I’m most of all wondering how you get high level of confidence in the distinction and its relevance. I’ve seen only really vague discussion. The view that LM cognition doesn’t scale into generality seems wacky to me. I want to see the description of tasks it can’t do.
In general if someone won’t state any predictions of their view I’m just going to update about your view based on my understanding of what it predicts (which is after all what I’d ultimately be doing if I took a given view seriously). I’ll also try to update about your view as operated by you, and so e.g. if you were generally showing a good predictive track record or achieving things in the world then I would be happy to acknowledge there is probably some good view there that I can’t understand.
I do think that a factor of two is significant evidence. In practice in my experience that’s about as much evidence as you normally get between realistic alternative perspectives in messy domains. The kind of forecasting approach that puts 99.9% probability on things and so doesn’t move until it gets 10 bits is just not something that works in practice.

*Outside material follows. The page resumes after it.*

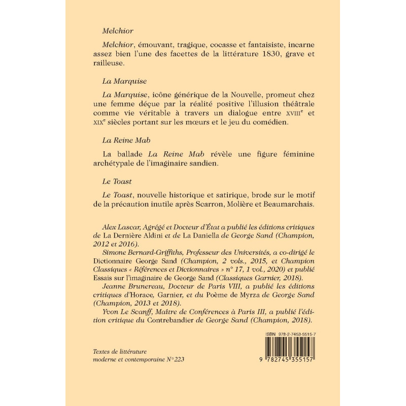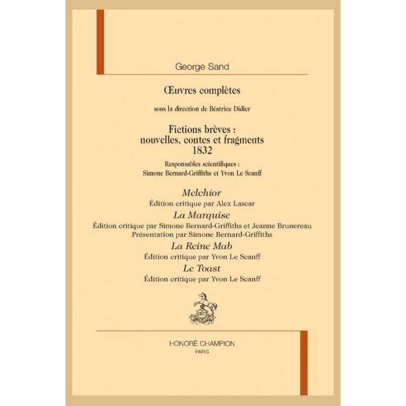 Simone Bernard-Griffiths, Professeur des Universités, a co-dirigé le Dictionnaire George Sand (Champion, 2 vols., 2015, et Champion Classiques « Références et Dictionnaires » n° 17, 1 vol., 2020) et publié Essais sur l’imaginaire de George Sand (Classiques Garnier, 2018).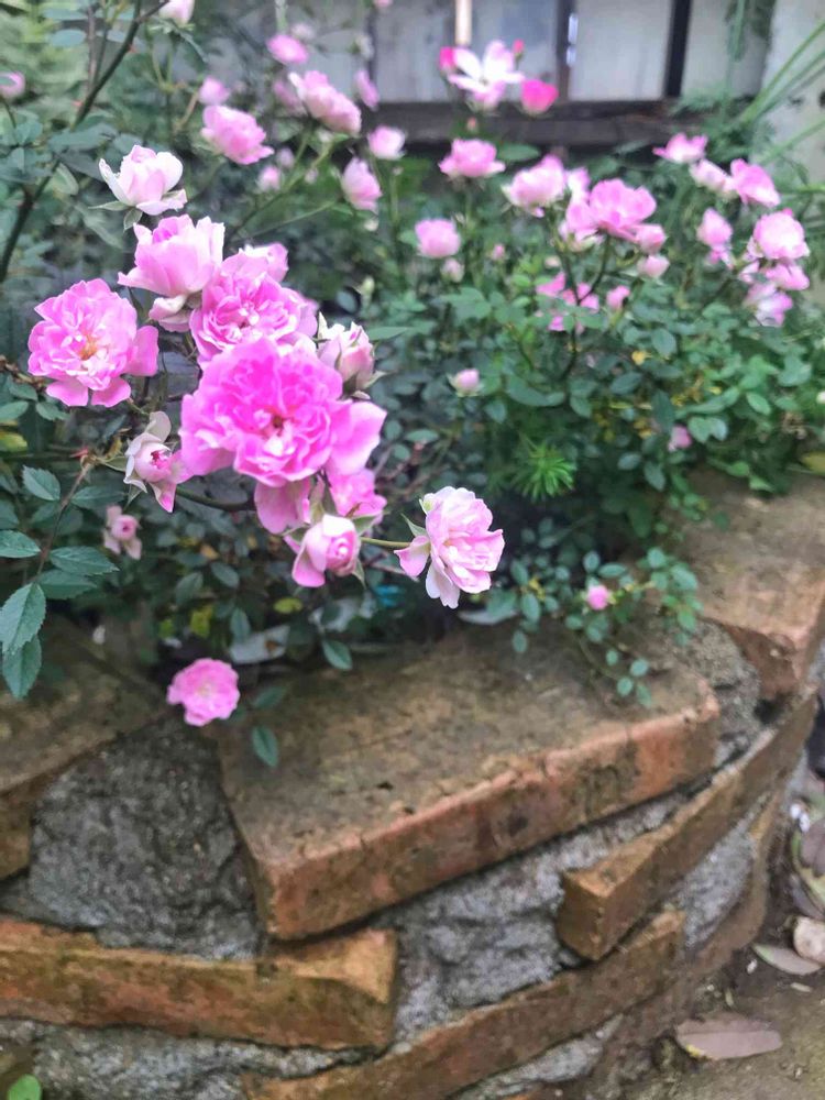レンガにマッチしてて👍いい感じで咲いてますよん(^ν^)

On the slip side, it’s enough evidence that Eliezer is endlessly condescending about it (e.g. about those who only assigned a 50% probability to the covid response being as inept as it was). Which I think is fine (but annoying), a factor of 2 is real evidence. And if I went around saying “Maybe our response to AI will be great” and then just replied to this observation with “whatever covid isn’t the kind of thing I’m talking about” without giving some kind of more precise model that distinguishes, then you would be right to chastise me.
Perhaps more importantly, I just don’t know where someone with this view would give ground. Even if you think any given factor of two isn’t a big deal, ten factors of two is what gets you from 99.9% to 50%. So you can’t just go around ignoring a couple of them every few years!

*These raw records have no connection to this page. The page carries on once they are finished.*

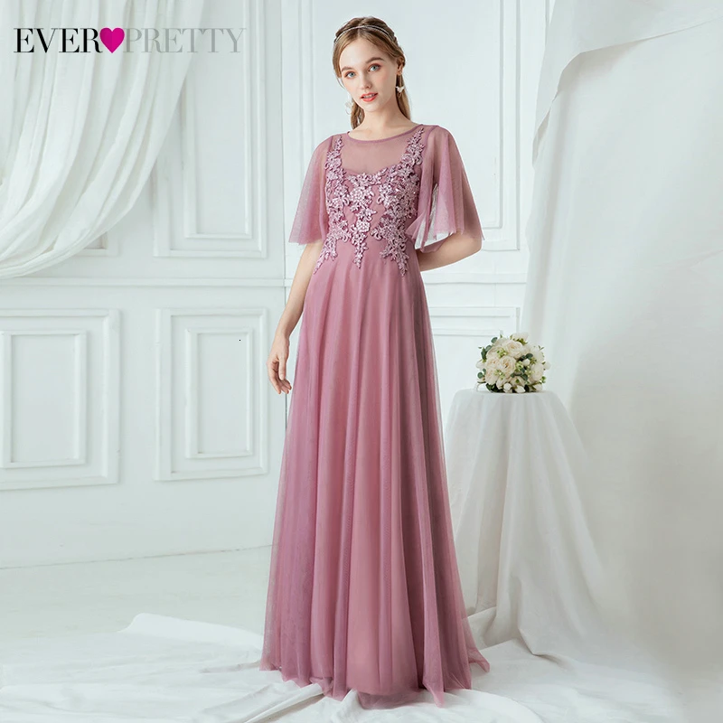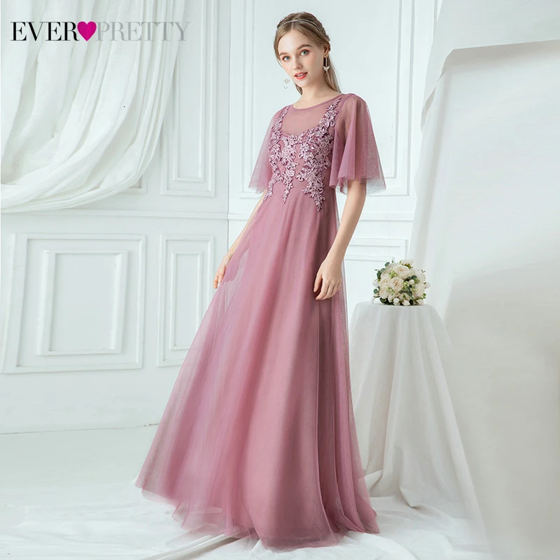 FREE SHIPPING Women Ruffles Sleeve A-Line O-Neck Tulle Long Party Gowns JKP3633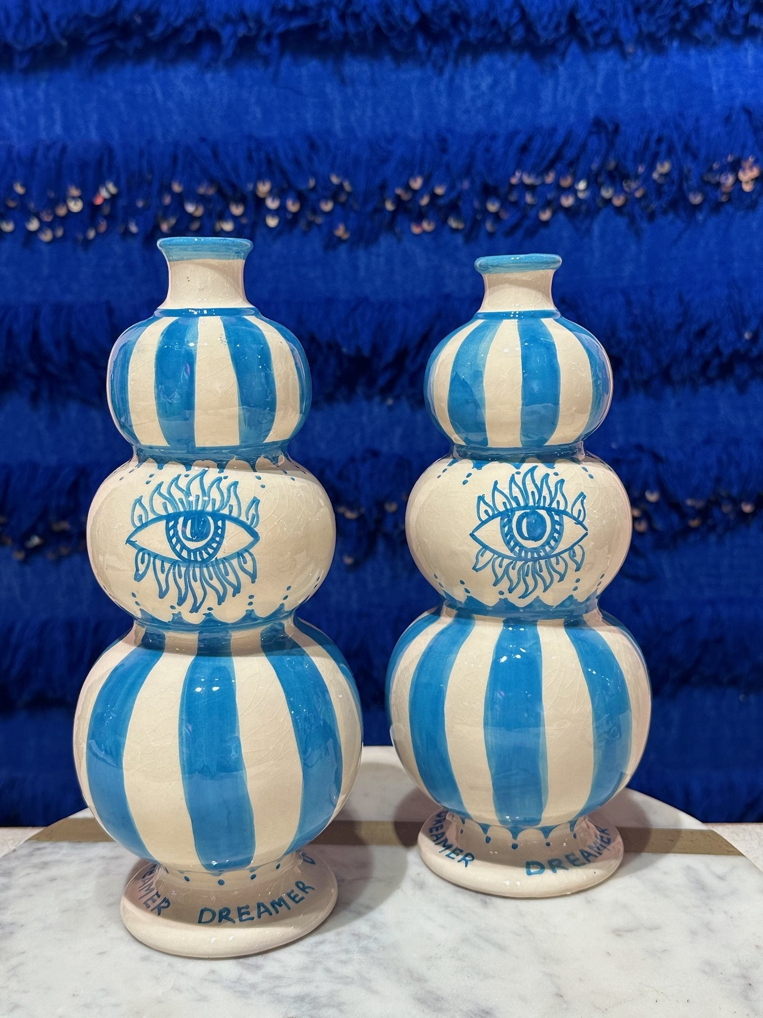 Dreamer Circus kandelaar in turquoise/wit. Zo verfijnd, zo tijdloos, perfect veelzijdig en handgeschilderd. Ze mixen & matchen prachtig met de verschillende serviesstijlen.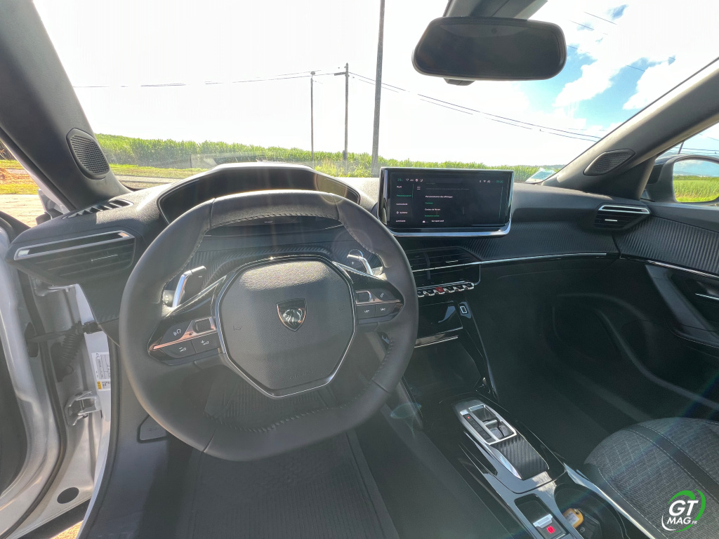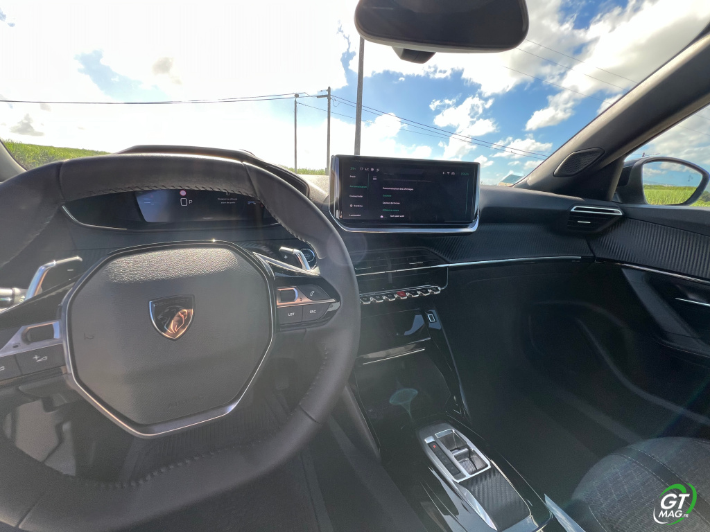 Sa longueur passe donc de 4,14 m à 4,30 m et l’empattement passe de 2,54 m à 2,61 m pour plus d’habitabilité aux places arrières-évidement… L’habitacle est soigné, de qualité et sincèrement ergonomique. On retrouve le tableau de bord de la 208 avec l’i-Cockpit on aime ou on aime pas il est organisé autour d’un petit volant et les compteurs placés au-dessus du volant. L’écran central tactile a 10 pouces. Ce combiné numérique prend une allure digitale sur les versions Allure et GT. Les espaces de rangements sont plutôt bien organisés et nombreux. La position de conduite, elle, est excellente et les sièges avant sont très confortables et bien dessinés. A l’arrière, l’assise de la banquette est, cependant, un peu courte. Le coffre est de bonne capacité avec 410 litres qui peuvent passer à 1496 litres en rabattant les dossiers des sièges arrière.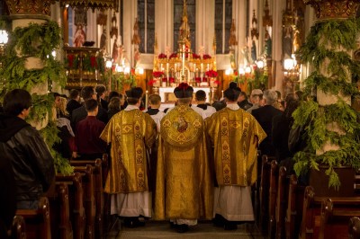 Whether we are at a Low Mass or a High Mass, one of the greatest blessings of the TLM is that, on the one hand, we are gently drawn into prayer, as if by an invisible hand nudging us forward, and, on the other hand, we are not immediately talked to and expected to talk back. We are surely participating in the unfolding drama, but we are not targeted and harried; the activity does not get bogged down in a closed circle, like a boring classroom. The liturgy seems to be going on over our heads or around us or in front of us, and we can relate to it all the more deeply because it is outside our grasp, beyond what we can access, with no possible illusions that we are the ones driving it forward. Of course we have a role to play, and this will sometimes include verbal responses; but the overall effect is one of a giant motion that we can join, if we will, that will take us somewhere our own resources could never get us. The unfailing Introit, announcing the day’s mystery, throws down a sort of spiritual gauntlet: “Friend, wherefore art thou come?” (Mt 26:50).[1] The cascading Kyries, the exultant Gloria, the richly compact Collect, the apt Lesson, invite us to come deeper and deeper into worship, putting on the mind of Christ.

And rhetorically, I’m not complaining about people ultimately thinking fast takeoff is more plausible. I’m complaining about not expressing the view in such a way that we can learn about it based on what appears to me to be multiple bits of evidence, or acknowledging that evidence. This isn’t the only evidence we’ve gotten, I’m generally happy to acknowledge many bits of ways in which my views have moved towards other people’s.
So one claim is that a theory of post-AGI effects often won’t say things about pre-AGI AI, so mostly doesn’t get updated from pre-AGI observations. My take on LLM alignment asks to distinguish human-like LLM AGIs from stronger AGIs (or weirder LLMs), with theories of stronger AGIs not naturally characterizing issues with human-like LLMs. Like, they aren’t concerned with optimizing for LLM superstimuli while their behavior remains in human imitation regime, where caring for LLM-specific things didn’t have a chance to gain influence. When the mostly faithful imitation nature of LLMs breaks with enough AI tinkering, the way human nature is breaking now towards influence of AGIs, we get another phase change to stronger AGIs.
This seems like a pattern, theories of extremal later phases being bounded within their scopes, saying little of preceding phases that transition into them. If the phase transition boundaries get muddled in thinking about this, we get misleading impressions about how the earlier phases work, while their navigation is instrumental for managing transitions into the much more concerning later phases.